What this task involves
Print, from the listing below, the lines starting at the line containing "it was a fedex" and ending at the line containing "Blue floral printed pre stitched saree", exactly as they stand, and print nothing else.

Raw data
------------------------------------------------------------------------
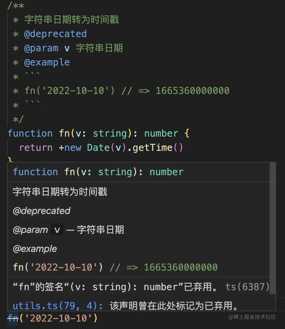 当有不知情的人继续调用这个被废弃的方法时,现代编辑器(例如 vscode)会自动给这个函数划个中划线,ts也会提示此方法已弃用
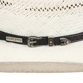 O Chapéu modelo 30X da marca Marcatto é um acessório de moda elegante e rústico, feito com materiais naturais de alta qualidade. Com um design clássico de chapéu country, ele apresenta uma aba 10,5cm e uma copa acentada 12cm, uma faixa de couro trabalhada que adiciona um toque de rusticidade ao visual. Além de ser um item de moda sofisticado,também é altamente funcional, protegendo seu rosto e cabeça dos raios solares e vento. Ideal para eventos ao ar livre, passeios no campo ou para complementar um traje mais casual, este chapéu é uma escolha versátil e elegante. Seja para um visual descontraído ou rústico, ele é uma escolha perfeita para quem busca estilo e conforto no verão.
------------------------------------------------------------------------
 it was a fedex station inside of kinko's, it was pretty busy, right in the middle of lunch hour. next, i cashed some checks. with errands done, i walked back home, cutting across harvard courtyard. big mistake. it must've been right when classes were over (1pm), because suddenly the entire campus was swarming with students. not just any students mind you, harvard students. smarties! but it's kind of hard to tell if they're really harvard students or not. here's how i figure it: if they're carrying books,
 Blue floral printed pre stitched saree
------------------------------------------------------------------------
Written solution
 it was a fedex station inside of kinko's, it was pretty busy, right in the middle of lunch hour. next, i cashed some checks. with errands done, i walked back home, cutting across harvard courtyard. big mistake. it must've been right when classes were over (1pm), because suddenly the entire campus was swarming with students. not just any students mind you, harvard students. smarties! but it's kind of hard to tell if they're really harvard students or not. here's how i figure it: if they're carrying books,
 Blue floral printed pre stitched saree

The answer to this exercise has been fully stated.